DOLORES: Karl Marx knew what he was talking about.

ANGELICA: I’m sure you’re right. I’m sure you learned everything there is to know about how the world works, the same way you learned how to take a gun apart and put it back together in the dark.

Dolores only smiles, and disengages from the conversation. There is silence for a while, which Angelica finds unbearable. She doesn’t want Dolores to hate her, but at the same time, she is opinionated and not submissive by nature.

ANGELICA: Marxism is a philosophy which glorifies envy, Dolores. Development doesn’t happen equally. You have to have faith that what’s left behind will catch up. You develop dynamic leading sectors, and they pull the rest of the economy forward.

DOLORES: The engine of the train isn’t coupled to the rest of the train, girl. If somebody’s got to wait for food on their plate, why us, why not you?

More silence. Dolores takes out a file, and begins to work on her nails.

ANGELICA: I kept my grandmother company when she was dying of cancer. [Dolores is surprised by Angelica’s new line of conversation, which is once again meant to prove her human value] It was very painful, she couldn’t talk, she was coughing all the time and she didn’t have the strength to do anything except to lie down on the sofa, and try to remember the good times of her life that were over. How she clung to them! There was the boy who used to ferry her across the Cauca river, before she met her husband. Alberto. She began to whisper his name, to cry it out in the night when she was no longer aware of what she was doing. I put ice on her head when she was feverish, I held her hand when the fear of dying came into her eyes. You could see the look of panic. She was in agony, but didn’t want to let go. I brought her water when she was thirsty – just like you brought me water today. She could barely drink, she could hardly swallow. She suffered: just to swallow a mouthful of water was almost more than she could stand. Finally, they began to feed her through tubes. I held her hand, I tried to help her hold onto her humanity. [Dolores regards her] I’m not a bad person, Dolores! I don’t deserve to be treated like I was some kind of terrible criminal, like I was some sick Nazi doctor who vivisected twins or gassed the Jews. [More silence] God damn it, we’re both Colombians.

Dolores pauses for a while, then goes back to filing her nails.

ANGELICA: Isn’t that bourgeois?

DOLORES: These are the nails of a fighter, girl. This hand is perfect for clutching a hand grenade, this one for pulling a trigger.

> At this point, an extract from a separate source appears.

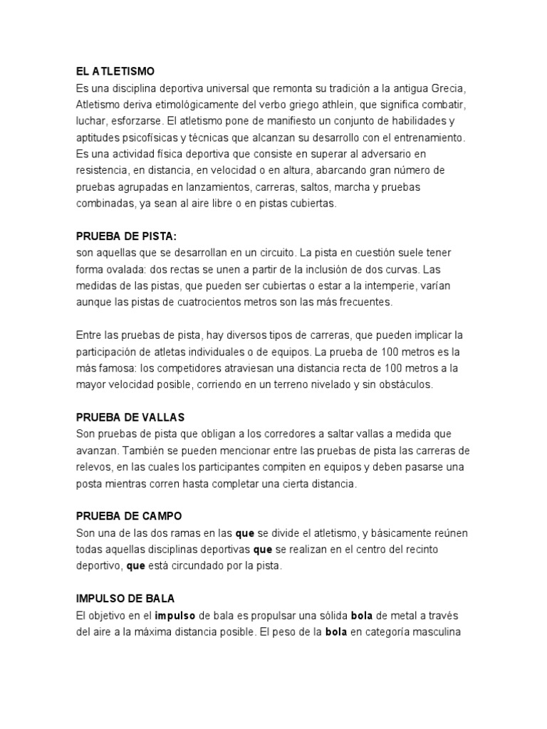 campo y pista, es practicado por mujeres y hombres. Cada competidor tiene
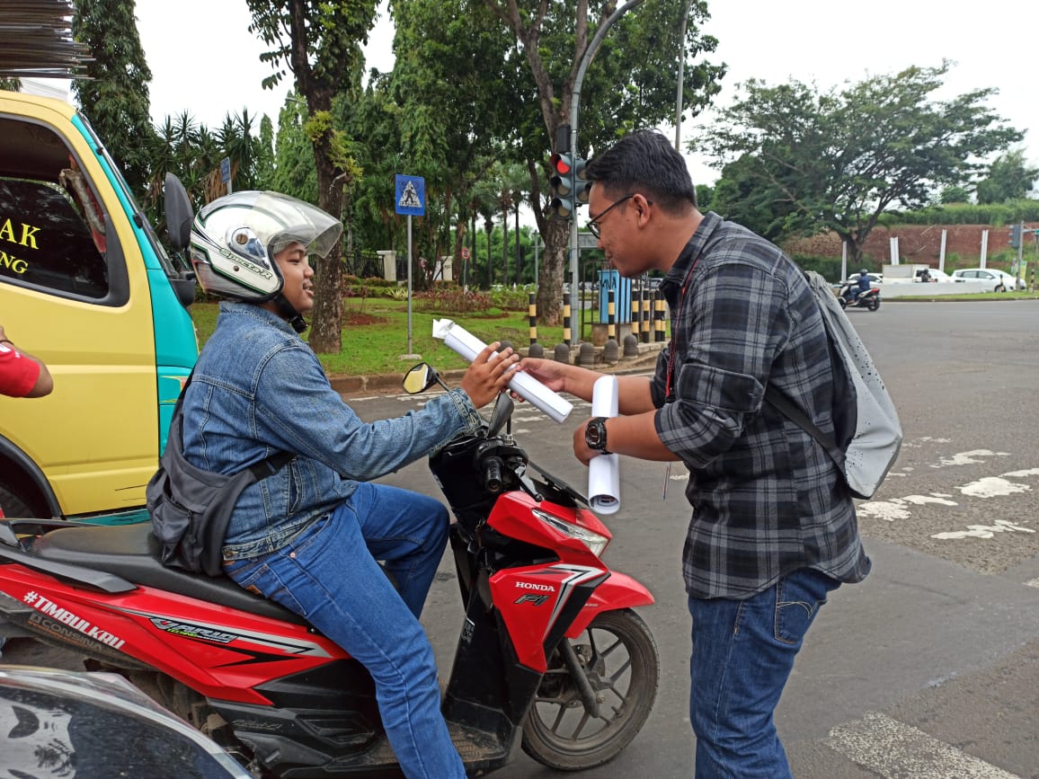 Satu per satu, pengendara diberikan bingkisan tersebut dan mendapat respone baik dari pengendara motor.

ANGELICA: Is that the only kind of girl that you respect? A guerrillera? Or maybe some girl who works in a factory? Clipping flowers, or washing bananas, or sewing clothes and going blind? Exploited? Does she have to die young not to be a sinner? And what about the rest of us? Nothing but social butterflies, spoiled brats, decorations, eye candy? The ones who bake pastries for soldiers before they go out into the streets with bayonets, the ones who give blow jobs to dictators?

Silence for a while.

ANGELICA: So, how did you get into this? I mean – how did you become a guerrilla? Were you born in one of the encampments? Were you always a guerrilla?

More silence.

ANGELICA: They say that Indians are as silent as stone. - I thought the FARC was killing Indians. - They say you don’t waste words. You don’t talk with strangers. I remember the part in La Voragine when Rivera wrote that the two Indian guides were sitting alone and apart from the rest of the expedition, like two sad, gray ducks. – [Sings] One, little two, little three little Indians. - Jesus Christ, don’t you have anything to say? - I just want to know you, Dolores, I want to know where you’re coming from, why you’re doing this! If I ever get out alive, I want to know. Maybe, I can do my part to make peace if I know what’s driven you to this!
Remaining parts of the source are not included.